My dad really did try to be a good father, especially after my parents’ divorce. He was always physically present, just never emotionally available. Every weekend, we’d go to his house, eat spaghetti, and watch movies. While my mom struggled with the full-time parent stress of raising four girls, my dad got to be the fun parent on the weekends. I was always on my best behavior while with my father because I sensed my football coach, machismo dad secretly resented having four little girls. I lived with a nagging fear that if we weren’t pleasant, he might not come back to pick us up the next weekend.
I smile remembering sled riding, canoeing, and Geauga Lake. I remind myself that he took me out to lunch when he drove through Bowling Green for business and that he also drove to Columbus to move me out of an abusive boyfriend’s apartment. He walked me down the aisle and bought newborn Lucy the pink stuffed puppy she sleeps with every night. I don’t hate my dad, I love him. I just cannot forgive him because he has never once apologized to me.
And so here I am, struggling to learn how to forgive without an apology.
I’ve never refused an apology. The rejection of a sincere apology made by a vulnerable person is cruel. However, the absence of an apology after an expressed wrong leaves space for grudges to fester. Without an “I’m sorry,” offered, there is no “I forgive you” response. This is the forgiveness purgatory I find myself in.
For so long, I denied holding a grudge against my father. I was simply removing myself from interactions I found to be emotionally damaging, preserving my mental health. I’ve reasoned that if he refused to apologize and try to change, there was nothing left for me to do. One simply cannot forgive without an apology and commitment to change.
As I’ve learned more often than I’d like to admit: I was wrong.
Recently, my youngest sister, Jacquie, gently suggested that I need to consider forgiving my father. “How can I forgive a person who isn’t sorry?” I sobbed.

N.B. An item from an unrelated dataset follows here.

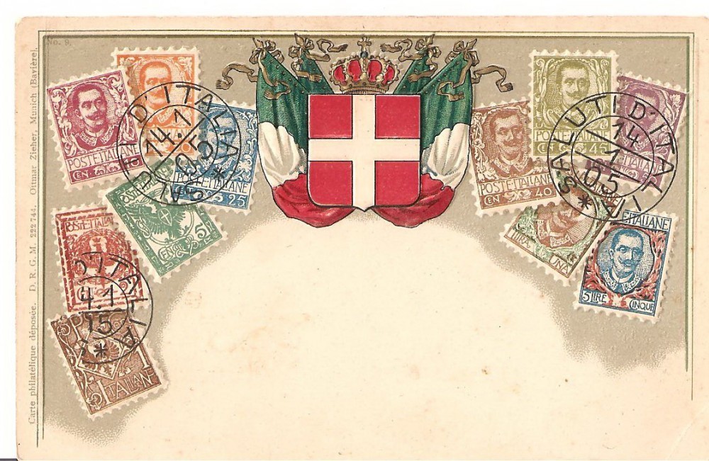 CPI (B2168) CARTE POSTALA ITALIANA CU TIMBRE IN RELIEF, NECIRCULATA, CU STAMPILA PE FATA CU DATA DE 14.1.05; ITALIA

She told me that forgiveness is just as much for me as my dad. It turns out my baby sister is wise.
I began to research forgiveness and found “the forgiveness trailblazer,” Robert Enright and the International Forgiveness Institute. It turns out that withholding forgiveness is just as emotionally damaging as remaining in toxic relationships. As I read about forgiveness, I began recognizing the symptoms in myself: anxiety, anger, lack of trust, and a lack of confidence in a person’s ability to change. Check, check, check, and check.

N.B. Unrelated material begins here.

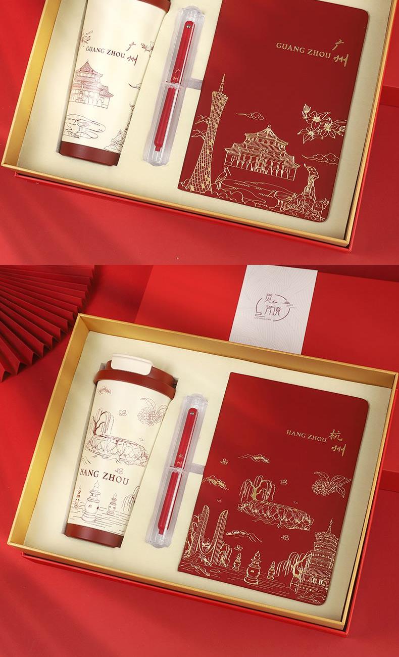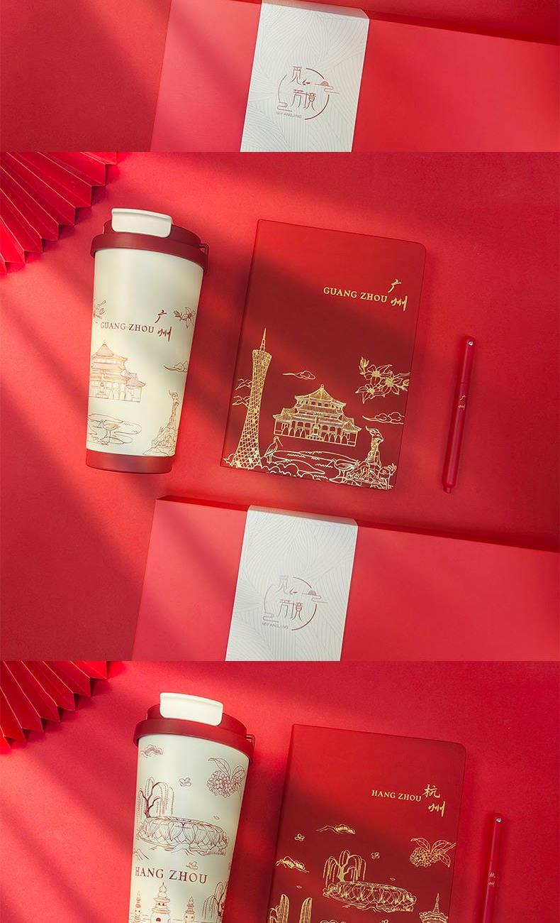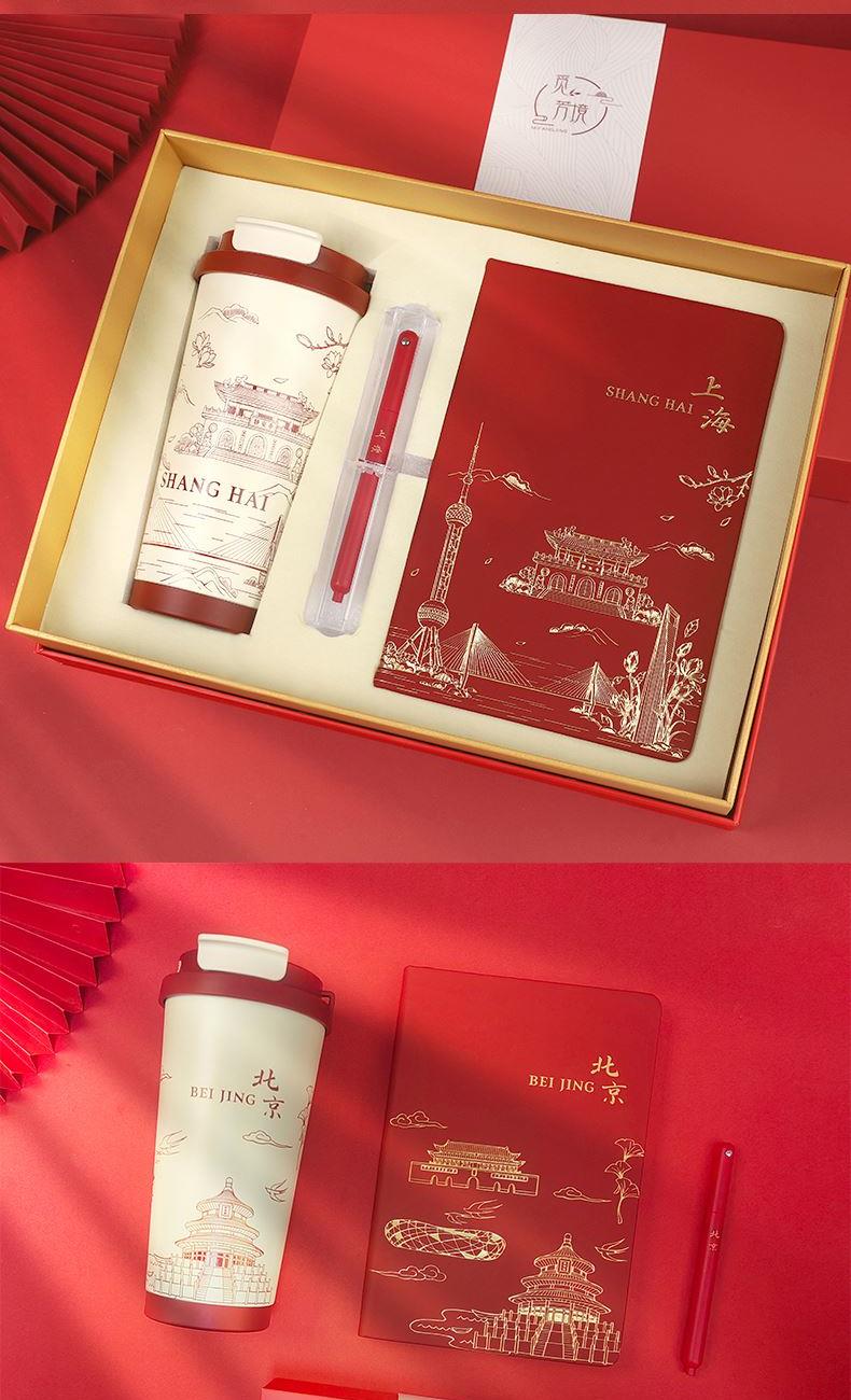 觅芳境城市系列酒红(咖啡杯+签字笔+A5笔记本)

Forgiveness is about goodness and empathy. Forgiving is not about excusing bad behavior or even restoring a broken relationship. It’s about extending grace and healing.

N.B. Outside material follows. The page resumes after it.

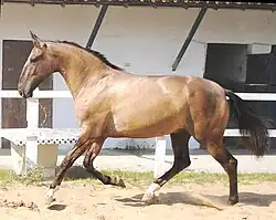 The height at the withers of the Campolina averages 158 cm (15.2 hands) for stallions and 152 cm (15.0 h) for mares.[6]: 3 A common view is that the most beautiful Campolinas are silver-grey, a position that may reflect a sentimental tradition for the first Campolina. Other popular colours for this breed include dun, bay, buckskin, and "Pampa" or pinto.[7] The appearance of markings such as white socks or a star on the forehead neither adds nor detracts to the horse in terms of official judging.

After long talks with Pete, Jacquie, and my best friend Becky, in addition to some painful soul searching, I understand now that not only do I want to forgive, I need to. I owe it to myself and my children. I must find the graceful strength to forgive even those who haven’t asked. But how?
Dr. Enright offers advice in Berkeley’s Greater Good Magazine. He lays out Eight Keys to Forgiveness:
1. Know what forgiveness is and why it matters
2. Become “forgivingly fit”
3. Address your inner pain
4. Develop a forgiving mind through empathy
5. Find meaning in your suffering
6. When forgiveness is hard, call upon other strengths
7. Forgive yourself
8. Develop a forgiving heart
I’m overwhelmed, conflicted, and terrified, but resolute. Living in this forgiveness purgatory, waiting for an apology that may never come is not sustainable, so that means being brave enough to make a different choice. I need to find the strength to be the kind, empathetic, compassionate person I know that I can be and shake the insecurities and anger that keep me from growth. I must choose to forgive.
So wish me luck, pray for me, send me positive energy, lend me your strength, all of the above because I’m going to need it.
Please and thank you. I’m sorry, and I will, eventually, learn to forgive.